====== AVAILABLE DATA
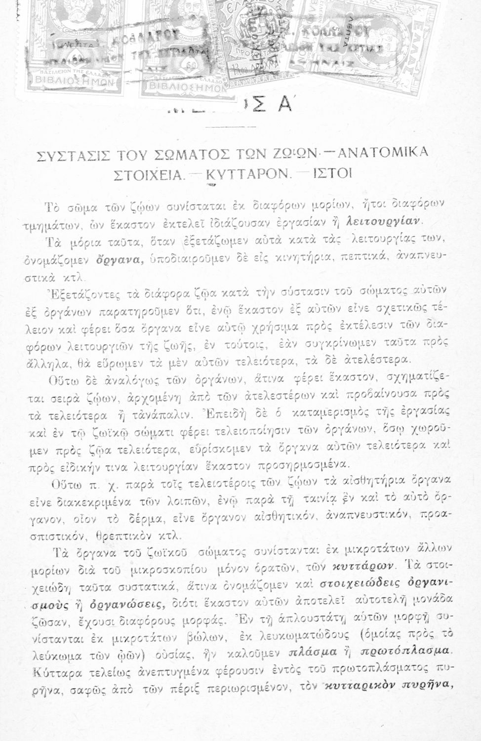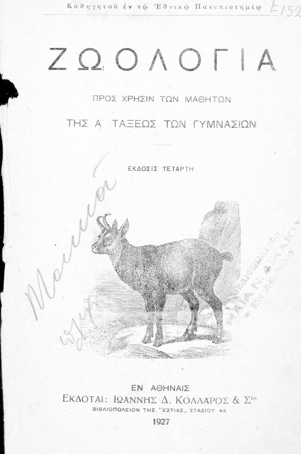 Τίτλος: Ζωολογία προς χρήσιν μαθητών της Α΄ τάξεως των Γυμνασίων
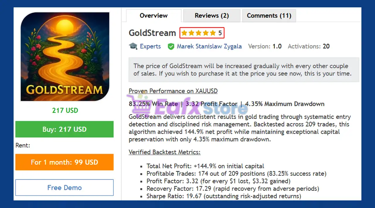 GoldStream EA shows significant potential in providing stable and reliable profits, becoming a reliable tool in the forex market. This advisor is highly appreciated by the community in many aspects and has won the trust of users.
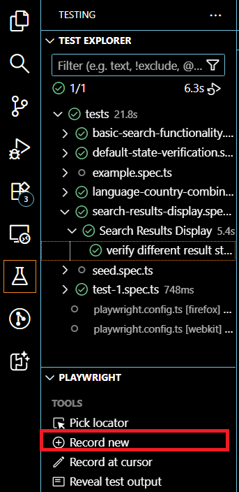 Record New をクリックすると、test-1.spec.ts が生成され、記録用ブラウザが起動します。
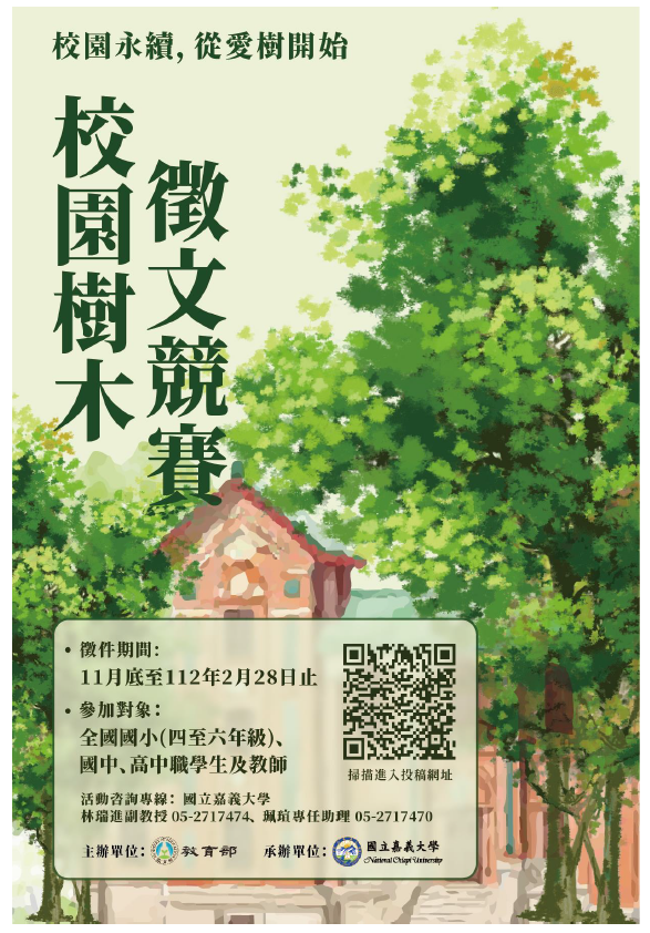 (二)競賽形式:以校園原生種樹種為主題,拍攝至少1,600像素寬或高之照片至多5張,以短文、散文、詩詞等方式闡述樹木故事,並介紹學校之愛樹護樹行動,文字與圖片需進行排版設計。
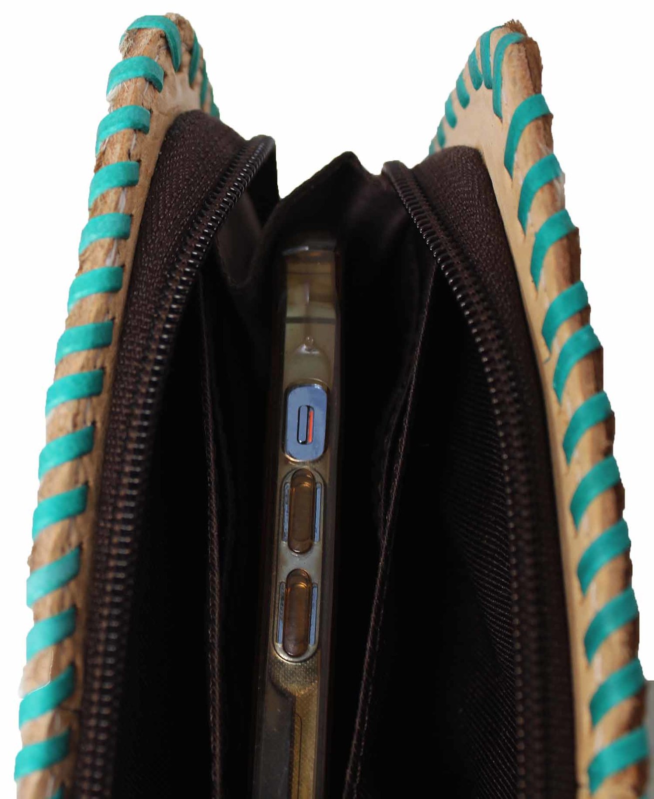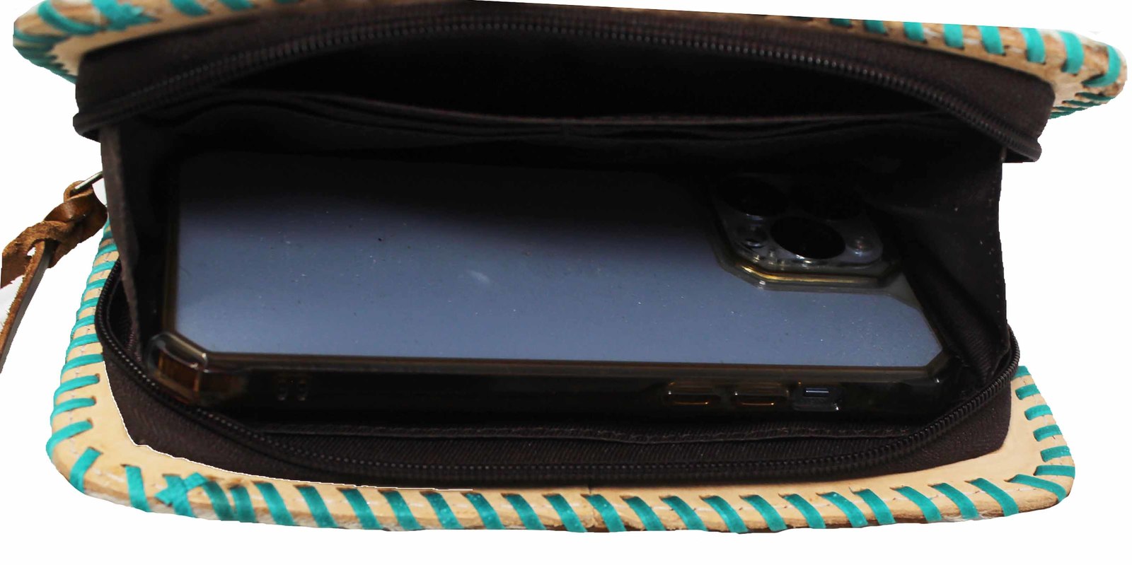 Challenger women's western wallet made from supple genuine full-grain leather to endure everyday use. Bag features a hand-tooled floral leather inlay, with cowhide front and back. Wallet is beautifullly accented with turquoise stones and laced edges. The full zippered closure main compartment comes fully lined with black canvas. Interior offers two pockets with eight credit card slots. Cowhide is a natural product, each bag may vary slightly in shading, or color making each item a unique product.? Bag measures 8-1/4" L x 5" W.
============
▶ _ASSIGNMENT_:
The answer should consist of all the records, duplicated exactly, with no images included.

▶ _YOUR SOLUTION_:
 Τίτλος: Ζωολογία προς χρήσιν μαθητών της Α΄ τάξεως των Γυμνασίων
 GoldStream EA shows significant potential in providing stable and reliable profits, becoming a reliable tool in the forex market. This advisor is highly appreciated by the community in many aspects and has won the trust of users.
 Record New をクリックすると、test-1.spec.ts が生成され、記録用ブラウザが起動します。
 (二)競賽形式:以校園原生種樹種為主題,拍攝至少1,600像素寬或高之照片至多5張,以短文、散文、詩詞等方式闡述樹木故事,並介紹學校之愛樹護樹行動,文字與圖片需進行排版設計。
 Challenger women's western wallet made from supple genuine full-grain leather to endure everyday use. Bag features a hand-tooled floral leather inlay, with cowhide front and back. Wallet is beautifullly accented with turquoise stones and laced edges. The full zippered closure main compartment comes fully lined with black canvas. Interior offers two pockets with eight credit card slots. Cowhide is a natural product, each bag may vary slightly in shading, or color making each item a unique product.? Bag measures 8-1/4" L x 5" W.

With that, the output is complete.